This is an exam problem, so it should be rather easy but I still can't quite see how to solve it:
Let $X_1, X_2, \dots$ be independent and identically distributed random variables on the same probability space such that $$ \mathbb{P} \left[ X_1 = - \frac14 \right] = \mathbb{P} \left[ X_1 = \frac14 \right] = \frac12.$$ For all $n \in \mathbb{N}$ define $$ M_n := \prod_{k=1}^n (1+X_k).$$ Use the law of large numbers to show that $(M_n)_{n \in \mathbb{N}}$ converges almost surely and determine the limit.
(It might be worth noting that the first part was to show that $(M_n)_n$ is a martingale.)
The naive way to apply the SLLN is by taking $\log$ and then naively using SLLN. However, I can only get the limit of $\prod_{k=1}^n (1+X_k)^{\frac{1}{n}}$ in this way. So what's the correct way of applying the law of large numbers?

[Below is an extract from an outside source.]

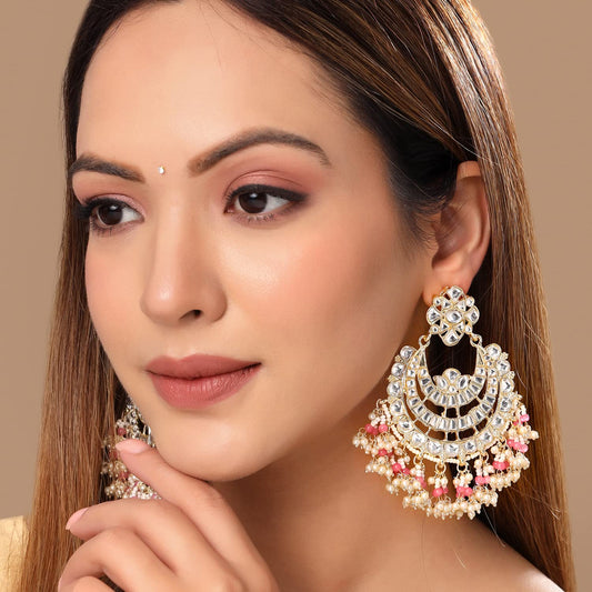 Earrings for Women and Girls Kundans Chandbali | Gold Plated Kundan Studded Drop Chandbali Earrings | Birthday Gift for girls and women Anniversary Gift for Wife

As James Tang pointed out $$ \mathbb{E}[\log(1+X_k)]=\frac12\log\Big(\frac{15}{16}\big)<0 $$
By SLN, $$ \frac{1}{n}\sum^n_{k=1}\log(1+X_k)\xrightarrow{n\rightarrow\infty}\frac{1}{2}\log\Big(\frac{15}{16}\Big) $$ almost surely (and in $L_1(\mathbb{P})$. A simple argument the shows that for $\mathbb{P}$--a.s all points $\omega\in\Omega$, there us $N=N(\omega)$ such that for all $n\geq N$ $$ \sum^n_{k=1}\log\big(1+X_k(\omega)\big)\leq \frac{1}{4}\log\Big(\frac{15}{16}\Big)n\xrightarrow{n\rightarrow\infty}-\infty $$ which means that $\prod^\infty_{n=1}(1+X_n)=0$ $\mathbb{P}$--a.s.